Illusions of importance are as persistent as those of progress and reflect back to reinforce notions of truth or goodness or a muddled mix of the two. When you think back on the first time your mom hung a drawing you made on the refrigerator door as a “masterpiece” or you received that long hoped-for acknowledgment from a respected teacher that “you have special talent” or simply are “the best,” it is hard to convince yourself that these events of profound importance in the making of childhood self-identity weren’t literally true and fair evaluations. No matter your age, when the things you make are declared “great” it is hard to accept that the statement might not be literally true and the work, in fact, might not be good.
There is nothing wrong with enjoying a bit of praise. Who doesn’t want to hold on to notions of importance once conferred? It is particularly acceptable if the one doling out praise is a parental figure or the receiver of the praise an adolescent. Even as adults, meaning drawn from the judgments of others on things we’ve made contributes to self-esteem and fuels self-actualization through future creative endeavors. There is no reason to denigrate all the useful motivations and bits of identity fueled by pride – individually at least. At the level of an entire discipline, however, things are different. It is evidence of pathology – a delusion worthy of Freud. And this, I believe, is the case with architecture.
Venerating important works of the past, to be clear, is not delusional. Neither is the veneration of the patrons, designers, and builders of those iconic buildings or those who have maintained them.

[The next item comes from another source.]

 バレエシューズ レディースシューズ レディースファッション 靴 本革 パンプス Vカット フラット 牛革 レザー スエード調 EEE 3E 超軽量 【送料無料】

Venerating yourself, believing one to be a warrior for truth and goodness because one practices a profession that others praise, is. If it seems that these comments address only a fringe assortment of ego-maniacal caricatures of architects, the reader is likely an architect suffering the delusion to some extent. A recent treatise attempting to re-orient architecture from its self-indulgence toward helping people, for instance, still uses terms such as “true artworks … architecture’s latent esthetic, ethical, social, and even spiritual powers … genuineness … authenticity … truthfulness … Honesty … the Unmeasurable … integrity … true encounter … based on a truer understanding of human nature.”[i] More than a bit of unexamined self-importance remains. Anecdotally, non-architects seldom have such blinders and frequently note architects’ delusions of grandeur and even suggest they possess this trait at rates exceeding practitioners of other professions.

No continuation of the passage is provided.